Dentry cache scalability

勉強がてら LWN.net を毎週見ているので、メモを晒していこうかと。元ネタはこちら
http://lwn.net/Articles/419811/

dentry cache はファイル名の lookup 処理 (ファイル名から dentry を検索する処理) の性能にとても効くのだけれど、これまで dentry cache の競合回避のために、グローバルな dentry_lock が使われていて、スケーラビリティが皆無だった。

これまでの dentry cache の排他制御には特殊な点があって、dentry cache 削除の場合だけ RCU を利用していた。このため、lookup 処理が途中でブロックしないならば競合の心配はないが、現実的な状況ではブロックしうるため、lookup の経路上の dentry cache の参照カウントを1ずつ上げて競合を回避している。参照カウントに頼って lookup するため、これは ref-walk な実装だと言える。

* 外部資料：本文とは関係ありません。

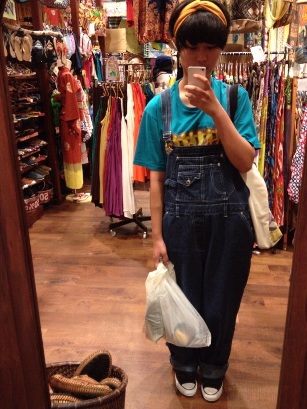 USEDのダボダボサロペットはWEGOです。 最近はメンズTシャツにハマってます( ^ω^ ) 買い物後なのでスーパーの袋...笑
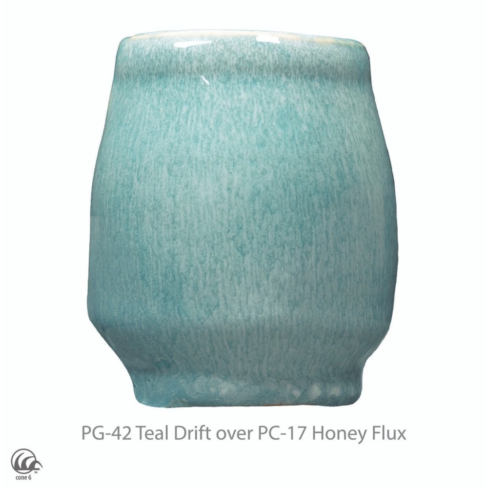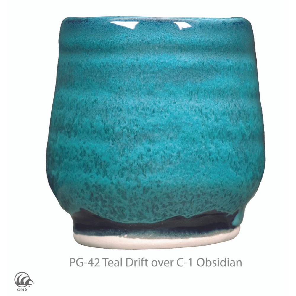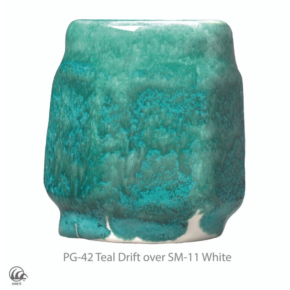 A vivid turquoise with a subtle spots where thick, PG-42 Teal Drift is a rich, tropical color.
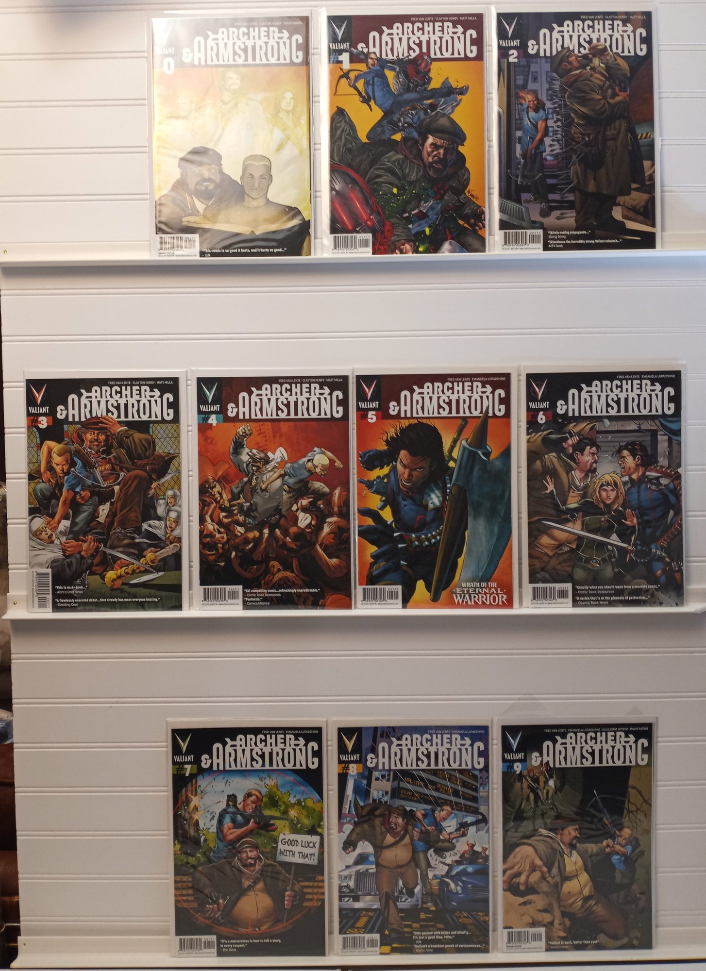 This lot includes Archer & Armstrong issues #0 through 9, published by Valiant Comics beginning in 2012. Written by Fred Van Lente with art by Clayton Henry and Emanuela Lupacchino, the series blends conspiracy-laced satire, action, and comedy as two unlikely allies take on secret societies and ancient threats.
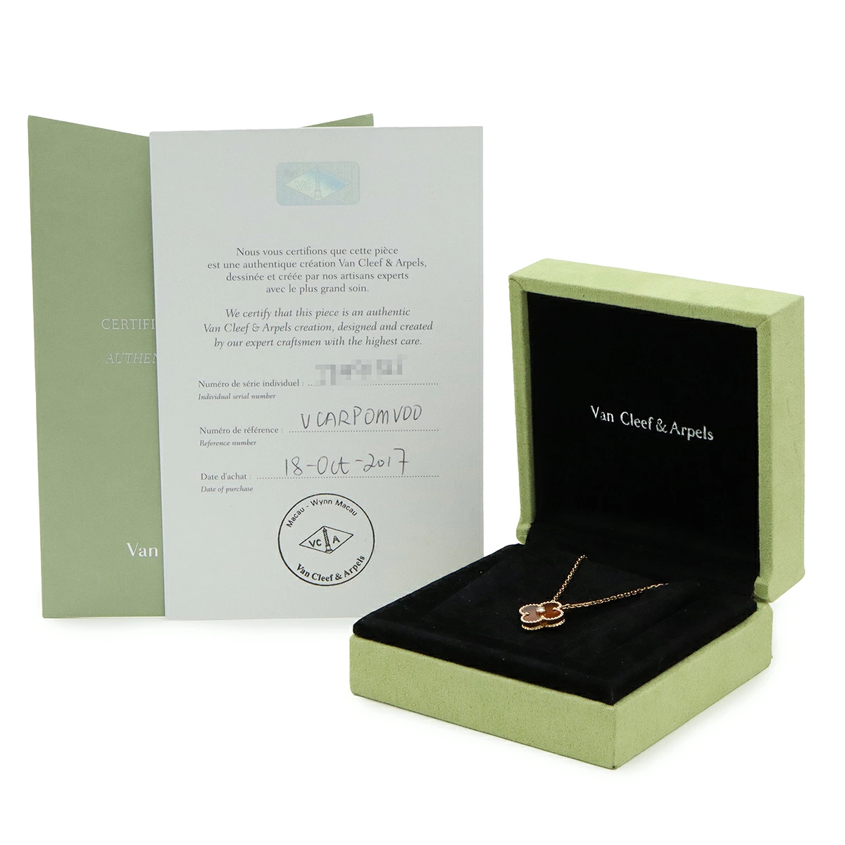美しいピンクゴールドビーズに縁取られた「ブルズアイ」クローバーが配されたペンダントは、2017年のホリデーシーズン限定アイテム。
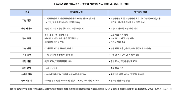 구조적 변화도 주목된다. 일본 정부는 자율주행 지원을 중점지원과 일반지원으로 이원화했다. 중점지원은 교통공백이 심각한 지역에서 교통 체계 전체를 재설계하는 사업이 대상이다. 사업당 최대 4억엔(약 37억원)까지 지원되며, 실증을 넘어 상용화 단계까지 이어진다. 일반지원은 레벨4 도입을 준비하는 사업으로, 사업당 최대 2억엔(약 19억원)이 상한이다. 양쪽 모두 정부 80%, 지자체 20% 부담이다.
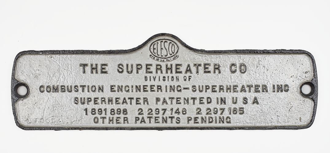 ELESCO. The Superheater Co. A Division of COmbustion Engineering-Superheater Inc. Superheater Patented in USA. 1891898 2297146 2297165. Other Patents Pending.
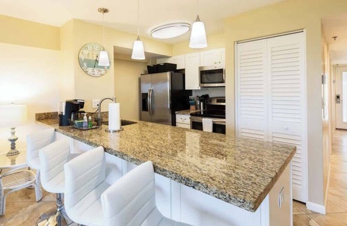 This immaculate two bedroom two bath condo features thoughtful and creative decor that perfectly blends style, comfort, and convenience. The master bedroom boasts a king-size bed and an ensuite master bathroom and flat screen TV, while the guest bedroom features a queen bed perfect for family vacationers.
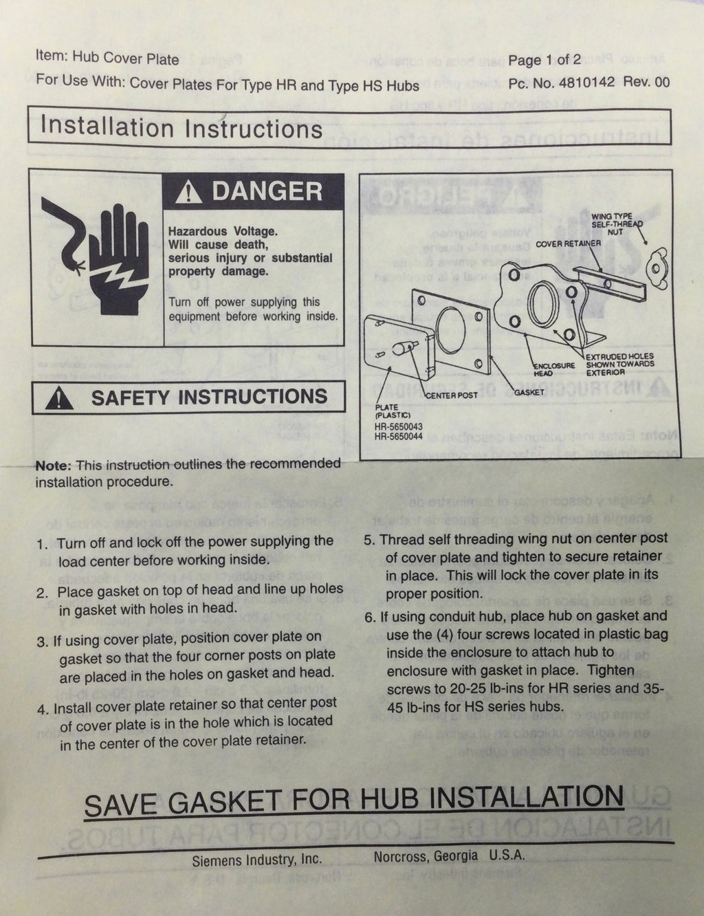 Siemens 4810142 hub cover plate for HR/HS series equipment. Revision D specification with dimensions of 3 7/8" x 3 1/2". This OEM replacement part provides proper enclosure protection and maintains equipment integrity. Genuine Siemens component engineered for reliable performance in industrial electrical applications. Direct fit for compatible HR/HS series installations.

Nick Piggin の scalability パッチは既存の ref-walk アルゴリズムを、RCU-walk なアルゴリズムに置き換えるというものである。ただ単に RCU を利用するだけではだめで、頻繁に参照カウントが上げ下げされるとキャッシュが乱れて性能が出ないため、lookup 処理が dentry 構造体の中身を変更しないようにすることが重要である。

他にも、lookup 処理中に dentry がキャッシュ上に見つからず、いったん lookup を中断しなければならないケースや、dentry の変更に対する保護 (dentry の RCU は削除に対する保護のみ) は、気を遣う必要がある。前者は ref-walk 方式の lookup でやり直すことで対応し、後者は seqlock で同時変更を検出したときに lookup をやり直すことで対応しているようだ。